The committee voted, 7-3, to send the bill on to the Rules Committee.
Later, Steube let off some steam with reporters.
“We’ve gotten the ball to where they want the ball to be with the exception of the one-way attorney fees,” he said. “I don’t think there’s an appetite in this Senate to do away with the one-way attorney fees.”
Miami Republican Anitere Flores, who sits on the Judiciary Committee and chairs the Banking & Insurance Committee, shared that sentiment. She cited industry reluctance to commit to lower rates, plus what she viewed as an overall intransigent attitude.
“It’s SB 62 or the highway,” Flores said of legislation, by Sen. Dorothy Hukill, which essentially would eliminate attorney fees awards to contractors with AOBs. It has gone nowhere in the legislative process. “They don’t even like the House bill.”
Legislation (HB 7015) that has cleared the House also would eliminate one-way fees.
Industry spokesmen insisted it would be difficult to predict premium levels resulting from any legislation.
Fort Myers Republican Lizbeth Benacquisto put the question to Personal Insurance Federation of Florida lobbyist Michael Carlson: Would he stipulate that rates would go down if the Legislature does what the industry wants?
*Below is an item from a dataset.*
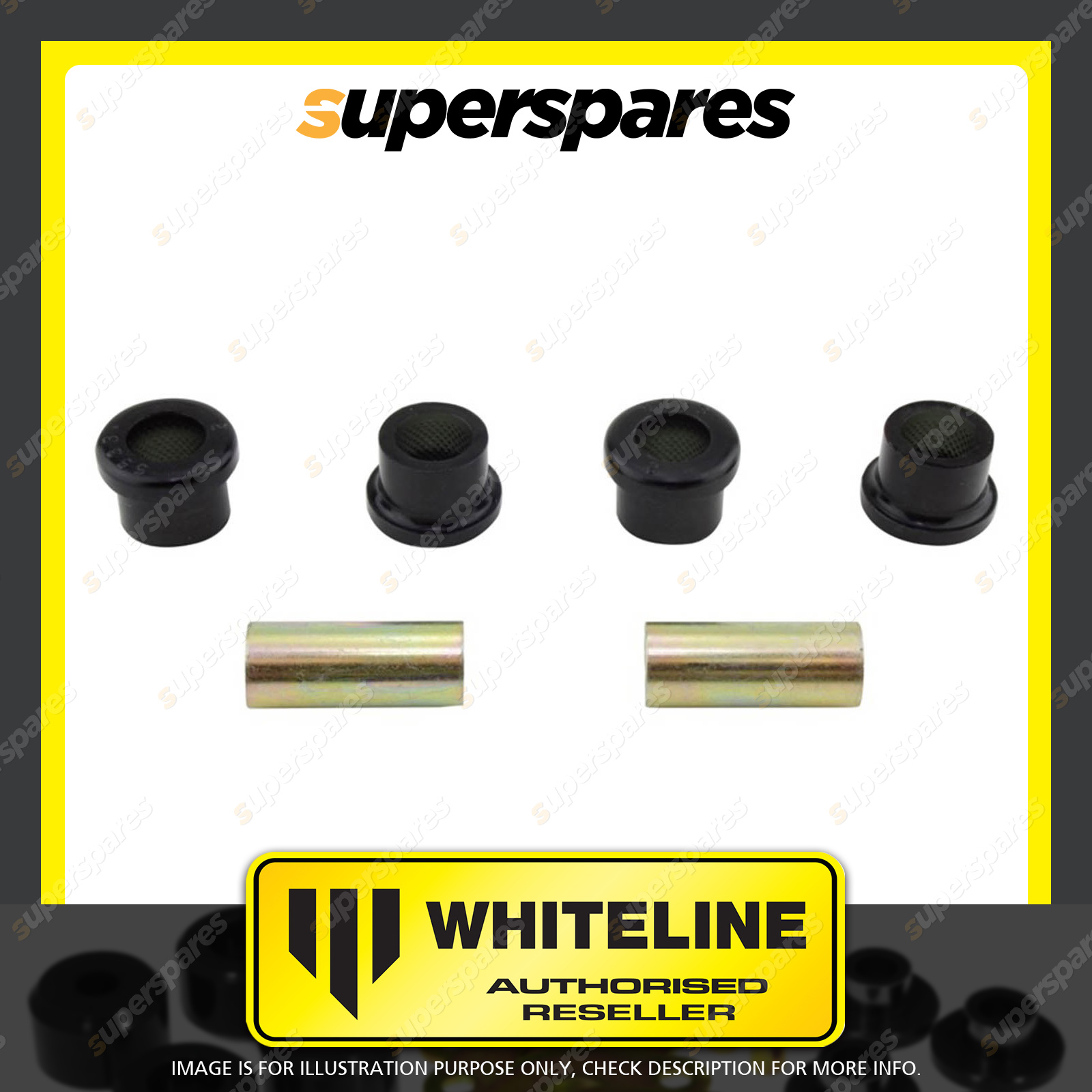 | Contents : Whiteline Front Control arm - lower inner Front bushing Warranty : 3 Year / 60,000Kms Kit Contents : 4 Bushings, 2 Tubes, Grease |

“If we’re going to do the hard work, we should make sure that the folks back home see the benefit,” she said.
There are too many variables to make an accurate prediction, Carlson insisted.
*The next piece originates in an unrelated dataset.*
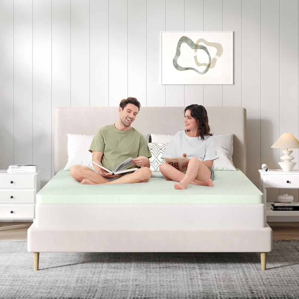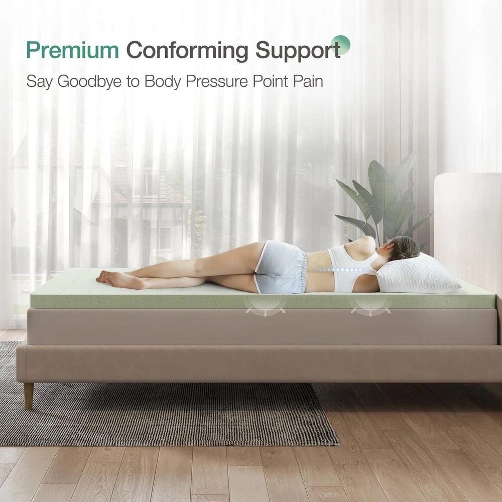 Are you looking for a suitable mattress topper to improve your sleep experience? Combined with CertiPUR-US certified -infused memory foam and supportive high-density foam, mattress topper provides you with cooling sleep comfort and the perfect balance of firmness tailored to your needs. The mattress topper is available in 5 sizes-Twin, Twin XL, Full, Queen, King, perfect to upgrade your master bedroom, ' room, guest room or college dorm. Also, The portable mattress topper is an ideal option for temportary sleep, whether you are relaxing on the sofa at home or going camping in outdoors. It is convienent to take the topper anywhere you want, adding softness, breathability and comfort to your sleep. Simply allow the compressed foam mattress topper to fully expand for 48 hours. If you have any inquiries about the mattress topper, Customer Support Team are always here to help you. What's in the box? 1 x mattress topper 1 x card 1 x package opener Note: 1. The expansion time will vary as the surrounding. Your mattress topper takes slightly longer time to regain its full size in cold temperature. 3. Sleep experience about firmness will be affected by individual body weight, shape and sleeping habits. BREATHABLE & COOLING - The open-cell ventilated design is skillfully designed to enhance airflow and dissipate body heat. The -infused mattress topper keeps you in a cozy sleep climate. You will wake up with energy and vitality to tackel the day effectively. PRESSURE & CONTOURING SUPPORT - Memory foam actively adapts to your body curves for personalized comfort and relieves pressure point aches and pains. Combined with high-density foam design, the mattress topper distributes body weight evenly and provide robust support to all parts of your body. CertiPUR-US CERTIFIED - The premium memory foam has passed CertiPUR-US Certification, without any harmful substance. The mattress topper meets requirements for durability, content and emissions. It takes and eco-friendliness to a new level, particularly for people with sensitive skin. INCREASE SOFTNESS AND COMFORT - The 2 inch memory foam mattress topper is the perfect option for offering extra softness and comfort to any mattress. Whether you feel like your mattress is too firm or leaves you with aches in the morning, simply placing it on the top of your mattress or under your mattress cover. WORRY-FREE PURCHASE - mattress topper provides 3-year limited . Your -infused memory foam arrives compressed, roled and shipped in a box, conveniently to your doorstep for quick and easy setup. In order to get a pleasant sleeping experience, please allow the mattress topper to regain its full shape within 48 hours.

“Except, with all due respect, whenever there are pieces of legislation that the industry does not like, rates will go up by certain percentages,” Benacquisto replies. “But when it is, in our estimation, to benefit the folks we serve, that math is not possible.”
2 comments
Jim Holton
February 7, 2018 at 12:35 am
The one – way attorney’s fee provision was designed to protect CONSUMERS, not third party contractors! Keeping this provision in the AOB context only benefits the trial lawyers and contractors, not the consumers of this state. In fact, it hurts consumers by pushing up rates. Wake up folks. This is for the protection of the trial bar.
John Sena
February 9, 2018 at 5:32 am
Most companies writing property insurance in Florida are seeking or have been approved for double digit rate increases this year to help offset the claims costs associated with the Assignment of Benefits crisis. All consumers lose until this gets fixed. It’s time our legislators fix the problem by eliminating the one way fees which encourage litigation on claims that would normally settled to claimant satisfaction in much less time.